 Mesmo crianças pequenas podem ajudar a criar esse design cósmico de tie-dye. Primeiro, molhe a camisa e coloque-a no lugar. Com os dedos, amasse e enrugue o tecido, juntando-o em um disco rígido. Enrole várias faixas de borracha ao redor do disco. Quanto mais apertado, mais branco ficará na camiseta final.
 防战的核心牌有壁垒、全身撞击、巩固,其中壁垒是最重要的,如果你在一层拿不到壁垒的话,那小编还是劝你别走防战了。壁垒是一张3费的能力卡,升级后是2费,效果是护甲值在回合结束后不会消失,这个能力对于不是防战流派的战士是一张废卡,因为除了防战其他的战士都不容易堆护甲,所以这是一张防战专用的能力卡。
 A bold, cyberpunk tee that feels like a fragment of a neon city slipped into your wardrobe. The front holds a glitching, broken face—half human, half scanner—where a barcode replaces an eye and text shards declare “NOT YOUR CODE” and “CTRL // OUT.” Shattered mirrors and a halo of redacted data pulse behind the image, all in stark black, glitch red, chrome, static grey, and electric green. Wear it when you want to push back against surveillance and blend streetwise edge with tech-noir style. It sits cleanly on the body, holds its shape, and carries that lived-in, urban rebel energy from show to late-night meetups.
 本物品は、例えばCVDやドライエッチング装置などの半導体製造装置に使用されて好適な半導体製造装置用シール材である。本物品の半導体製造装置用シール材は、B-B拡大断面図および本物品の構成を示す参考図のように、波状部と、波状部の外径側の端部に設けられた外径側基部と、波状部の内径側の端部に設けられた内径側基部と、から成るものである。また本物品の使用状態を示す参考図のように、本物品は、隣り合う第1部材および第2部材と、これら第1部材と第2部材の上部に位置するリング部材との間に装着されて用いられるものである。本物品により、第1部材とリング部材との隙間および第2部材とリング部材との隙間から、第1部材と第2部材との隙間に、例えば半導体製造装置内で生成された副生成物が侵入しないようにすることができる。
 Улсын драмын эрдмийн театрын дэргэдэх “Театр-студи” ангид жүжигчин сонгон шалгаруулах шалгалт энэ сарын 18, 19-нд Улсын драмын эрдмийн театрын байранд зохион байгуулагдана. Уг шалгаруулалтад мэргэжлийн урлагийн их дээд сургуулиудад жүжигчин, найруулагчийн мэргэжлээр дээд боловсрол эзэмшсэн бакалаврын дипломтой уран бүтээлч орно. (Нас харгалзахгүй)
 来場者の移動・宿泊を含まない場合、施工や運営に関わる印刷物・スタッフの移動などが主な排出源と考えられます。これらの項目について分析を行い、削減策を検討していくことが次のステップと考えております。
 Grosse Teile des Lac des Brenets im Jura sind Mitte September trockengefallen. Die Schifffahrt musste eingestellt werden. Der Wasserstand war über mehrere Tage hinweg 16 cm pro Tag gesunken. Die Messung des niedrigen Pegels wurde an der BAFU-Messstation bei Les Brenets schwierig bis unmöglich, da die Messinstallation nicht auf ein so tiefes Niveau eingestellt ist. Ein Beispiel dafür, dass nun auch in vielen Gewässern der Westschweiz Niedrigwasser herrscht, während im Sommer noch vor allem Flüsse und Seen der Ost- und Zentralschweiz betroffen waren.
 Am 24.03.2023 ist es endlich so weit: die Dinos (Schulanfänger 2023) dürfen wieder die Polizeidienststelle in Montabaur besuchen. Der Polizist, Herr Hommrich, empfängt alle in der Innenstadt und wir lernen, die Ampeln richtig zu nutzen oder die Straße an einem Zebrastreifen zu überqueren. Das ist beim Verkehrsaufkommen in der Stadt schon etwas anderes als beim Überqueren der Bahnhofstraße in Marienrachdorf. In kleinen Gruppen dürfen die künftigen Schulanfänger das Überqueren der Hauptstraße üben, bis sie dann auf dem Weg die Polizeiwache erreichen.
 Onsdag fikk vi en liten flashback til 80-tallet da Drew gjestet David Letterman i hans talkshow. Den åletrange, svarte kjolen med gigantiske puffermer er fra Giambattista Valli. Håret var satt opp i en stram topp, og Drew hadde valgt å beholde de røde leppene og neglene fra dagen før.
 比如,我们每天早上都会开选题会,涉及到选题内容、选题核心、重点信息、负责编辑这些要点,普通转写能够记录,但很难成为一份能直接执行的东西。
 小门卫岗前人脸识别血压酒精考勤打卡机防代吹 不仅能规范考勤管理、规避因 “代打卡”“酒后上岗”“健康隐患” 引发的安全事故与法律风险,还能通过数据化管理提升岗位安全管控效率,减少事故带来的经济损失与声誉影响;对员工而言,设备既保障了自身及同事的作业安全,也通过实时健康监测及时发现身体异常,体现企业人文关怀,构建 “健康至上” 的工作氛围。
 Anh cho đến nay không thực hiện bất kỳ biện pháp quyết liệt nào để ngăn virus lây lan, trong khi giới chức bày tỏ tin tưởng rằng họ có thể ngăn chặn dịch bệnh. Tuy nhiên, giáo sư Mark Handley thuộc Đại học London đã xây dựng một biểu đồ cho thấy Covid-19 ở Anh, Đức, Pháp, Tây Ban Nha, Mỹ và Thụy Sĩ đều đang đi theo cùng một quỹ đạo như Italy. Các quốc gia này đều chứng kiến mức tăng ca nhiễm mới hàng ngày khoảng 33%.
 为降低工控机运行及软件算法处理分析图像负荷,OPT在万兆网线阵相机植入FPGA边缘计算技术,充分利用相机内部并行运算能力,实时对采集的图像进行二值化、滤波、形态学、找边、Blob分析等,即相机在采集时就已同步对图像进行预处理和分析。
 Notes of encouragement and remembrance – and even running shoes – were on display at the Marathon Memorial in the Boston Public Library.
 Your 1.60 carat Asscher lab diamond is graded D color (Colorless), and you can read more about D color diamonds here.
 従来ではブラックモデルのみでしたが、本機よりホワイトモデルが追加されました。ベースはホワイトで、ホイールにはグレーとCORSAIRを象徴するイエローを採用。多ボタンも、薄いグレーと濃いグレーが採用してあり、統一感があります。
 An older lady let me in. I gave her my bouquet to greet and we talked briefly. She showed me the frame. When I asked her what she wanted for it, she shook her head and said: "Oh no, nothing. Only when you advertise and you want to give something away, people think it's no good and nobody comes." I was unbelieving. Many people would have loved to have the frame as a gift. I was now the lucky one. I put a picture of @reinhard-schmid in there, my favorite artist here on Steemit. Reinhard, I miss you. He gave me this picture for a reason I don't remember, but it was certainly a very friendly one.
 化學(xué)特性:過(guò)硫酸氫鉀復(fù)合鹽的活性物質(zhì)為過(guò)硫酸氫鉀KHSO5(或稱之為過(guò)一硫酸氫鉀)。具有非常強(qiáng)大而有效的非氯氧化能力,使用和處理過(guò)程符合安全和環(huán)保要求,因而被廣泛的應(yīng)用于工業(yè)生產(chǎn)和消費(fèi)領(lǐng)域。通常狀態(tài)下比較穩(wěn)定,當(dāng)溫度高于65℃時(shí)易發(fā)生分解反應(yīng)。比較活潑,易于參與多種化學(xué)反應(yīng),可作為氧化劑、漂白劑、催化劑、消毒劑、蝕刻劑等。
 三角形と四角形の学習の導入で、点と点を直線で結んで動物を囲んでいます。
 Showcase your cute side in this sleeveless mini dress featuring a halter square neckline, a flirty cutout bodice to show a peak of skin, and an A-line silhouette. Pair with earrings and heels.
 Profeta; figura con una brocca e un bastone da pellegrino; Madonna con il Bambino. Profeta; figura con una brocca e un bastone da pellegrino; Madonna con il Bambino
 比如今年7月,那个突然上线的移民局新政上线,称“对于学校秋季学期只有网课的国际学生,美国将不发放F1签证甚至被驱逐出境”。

_ASSIGNMENT_
Restate the records word for word, leaving nothing out.

_RESULT OF THIS TASK_
 Mesmo crianças pequenas podem ajudar a criar esse design cósmico de tie-dye. Primeiro, molhe a camisa e coloque-a no lugar. Com os dedos, amasse e enrugue o tecido, juntando-o em um disco rígido. Enrole várias faixas de borracha ao redor do disco. Quanto mais apertado, mais branco ficará na camiseta final.
 防战的核心牌有壁垒、全身撞击、巩固,其中壁垒是最重要的,如果你在一层拿不到壁垒的话,那小编还是劝你别走防战了。壁垒是一张3费的能力卡,升级后是2费,效果是护甲值在回合结束后不会消失,这个能力对于不是防战流派的战士是一张废卡,因为除了防战其他的战士都不容易堆护甲,所以这是一张防战专用的能力卡。
 A bold, cyberpunk tee that feels like a fragment of a neon city slipped into your wardrobe. The front holds a glitching, broken face—half human, half scanner—where a barcode replaces an eye and text shards declare “NOT YOUR CODE” and “CTRL // OUT.” Shattered mirrors and a halo of redacted data pulse behind the image, all in stark black, glitch red, chrome, static grey, and electric green. Wear it when you want to push back against surveillance and blend streetwise edge with tech-noir style. It sits cleanly on the body, holds its shape, and carries that lived-in, urban rebel energy from show to late-night meetups.
 本物品は、例えばCVDやドライエッチング装置などの半導体製造装置に使用されて好適な半導体製造装置用シール材である。本物品の半導体製造装置用シール材は、B-B拡大断面図および本物品の構成を示す参考図のように、波状部と、波状部の外径側の端部に設けられた外径側基部と、波状部の内径側の端部に設けられた内径側基部と、から成るものである。また本物品の使用状態を示す参考図のように、本物品は、隣り合う第1部材および第2部材と、これら第1部材と第2部材の上部に位置するリング部材との間に装着されて用いられるものである。本物品により、第1部材とリング部材との隙間および第2部材とリング部材との隙間から、第1部材と第2部材との隙間に、例えば半導体製造装置内で生成された副生成物が侵入しないようにすることができる。
 Улсын драмын эрдмийн театрын дэргэдэх “Театр-студи” ангид жүжигчин сонгон шалгаруулах шалгалт энэ сарын 18, 19-нд Улсын драмын эрдмийн театрын байранд зохион байгуулагдана. Уг шалгаруулалтад мэргэжлийн урлагийн их дээд сургуулиудад жүжигчин, найруулагчийн мэргэжлээр дээд боловсрол эзэмшсэн бакалаврын дипломтой уран бүтээлч орно. (Нас харгалзахгүй)
 来場者の移動・宿泊を含まない場合、施工や運営に関わる印刷物・スタッフの移動などが主な排出源と考えられます。これらの項目について分析を行い、削減策を検討していくことが次のステップと考えております。
 Grosse Teile des Lac des Brenets im Jura sind Mitte September trockengefallen. Die Schifffahrt musste eingestellt werden. Der Wasserstand war über mehrere Tage hinweg 16 cm pro Tag gesunken. Die Messung des niedrigen Pegels wurde an der BAFU-Messstation bei Les Brenets schwierig bis unmöglich, da die Messinstallation nicht auf ein so tiefes Niveau eingestellt ist. Ein Beispiel dafür, dass nun auch in vielen Gewässern der Westschweiz Niedrigwasser herrscht, während im Sommer noch vor allem Flüsse und Seen der Ost- und Zentralschweiz betroffen waren.
 Am 24.03.2023 ist es endlich so weit: die Dinos (Schulanfänger 2023) dürfen wieder die Polizeidienststelle in Montabaur besuchen. Der Polizist, Herr Hommrich, empfängt alle in der Innenstadt und wir lernen, die Ampeln richtig zu nutzen oder die Straße an einem Zebrastreifen zu überqueren. Das ist beim Verkehrsaufkommen in der Stadt schon etwas anderes als beim Überqueren der Bahnhofstraße in Marienrachdorf. In kleinen Gruppen dürfen die künftigen Schulanfänger das Überqueren der Hauptstraße üben, bis sie dann auf dem Weg die Polizeiwache erreichen.
 Onsdag fikk vi en liten flashback til 80-tallet da Drew gjestet David Letterman i hans talkshow. Den åletrange, svarte kjolen med gigantiske puffermer er fra Giambattista Valli. Håret var satt opp i en stram topp, og Drew hadde valgt å beholde de røde leppene og neglene fra dagen før.
 比如,我们每天早上都会开选题会,涉及到选题内容、选题核心、重点信息、负责编辑这些要点,普通转写能够记录,但很难成为一份能直接执行的东西。
 小门卫岗前人脸识别血压酒精考勤打卡机防代吹 不仅能规范考勤管理、规避因 “代打卡”“酒后上岗”“健康隐患” 引发的安全事故与法律风险,还能通过数据化管理提升岗位安全管控效率,减少事故带来的经济损失与声誉影响;对员工而言,设备既保障了自身及同事的作业安全,也通过实时健康监测及时发现身体异常,体现企业人文关怀,构建 “健康至上” 的工作氛围。
 Anh cho đến nay không thực hiện bất kỳ biện pháp quyết liệt nào để ngăn virus lây lan, trong khi giới chức bày tỏ tin tưởng rằng họ có thể ngăn chặn dịch bệnh. Tuy nhiên, giáo sư Mark Handley thuộc Đại học London đã xây dựng một biểu đồ cho thấy Covid-19 ở Anh, Đức, Pháp, Tây Ban Nha, Mỹ và Thụy Sĩ đều đang đi theo cùng một quỹ đạo như Italy. Các quốc gia này đều chứng kiến mức tăng ca nhiễm mới hàng ngày khoảng 33%.
 为降低工控机运行及软件算法处理分析图像负荷,OPT在万兆网线阵相机植入FPGA边缘计算技术,充分利用相机内部并行运算能力,实时对采集的图像进行二值化、滤波、形态学、找边、Blob分析等,即相机在采集时就已同步对图像进行预处理和分析。
 Notes of encouragement and remembrance – and even running shoes – were on display at the Marathon Memorial in the Boston Public Library.
 Your 1.60 carat Asscher lab diamond is graded D color (Colorless), and you can read more about D color diamonds here.
 従来ではブラックモデルのみでしたが、本機よりホワイトモデルが追加されました。ベースはホワイトで、ホイールにはグレーとCORSAIRを象徴するイエローを採用。多ボタンも、薄いグレーと濃いグレーが採用してあり、統一感があります。
 An older lady let me in. I gave her my bouquet to greet and we talked briefly. She showed me the frame. When I asked her what she wanted for it, she shook her head and said: "Oh no, nothing. Only when you advertise and you want to give something away, people think it's no good and nobody comes." I was unbelieving. Many people would have loved to have the frame as a gift. I was now the lucky one. I put a picture of @reinhard-schmid in there, my favorite artist here on Steemit. Reinhard, I miss you. He gave me this picture for a reason I don't remember, but it was certainly a very friendly one.
 化學(xué)特性:過(guò)硫酸氫鉀復(fù)合鹽的活性物質(zhì)為過(guò)硫酸氫鉀KHSO5(或稱之為過(guò)一硫酸氫鉀)。具有非常強(qiáng)大而有效的非氯氧化能力,使用和處理過(guò)程符合安全和環(huán)保要求,因而被廣泛的應(yīng)用于工業(yè)生產(chǎn)和消費(fèi)領(lǐng)域。通常狀態(tài)下比較穩(wěn)定,當(dāng)溫度高于65℃時(shí)易發(fā)生分解反應(yīng)。比較活潑,易于參與多種化學(xué)反應(yīng),可作為氧化劑、漂白劑、催化劑、消毒劑、蝕刻劑等。
 三角形と四角形の学習の導入で、点と点を直線で結んで動物を囲んでいます。
 Showcase your cute side in this sleeveless mini dress featuring a halter square neckline, a flirty cutout bodice to show a peak of skin, and an A-line silhouette. Pair with earrings and heels.
 Profeta; figura con una brocca e un bastone da pellegrino; Madonna con il Bambino. Profeta; figura con una brocca e un bastone da pellegrino; Madonna con il Bambino
 比如今年7月,那个突然上线的移民局新政上线,称“对于学校秋季学期只有网课的国际学生,美国将不发放F1签证甚至被驱逐出境”。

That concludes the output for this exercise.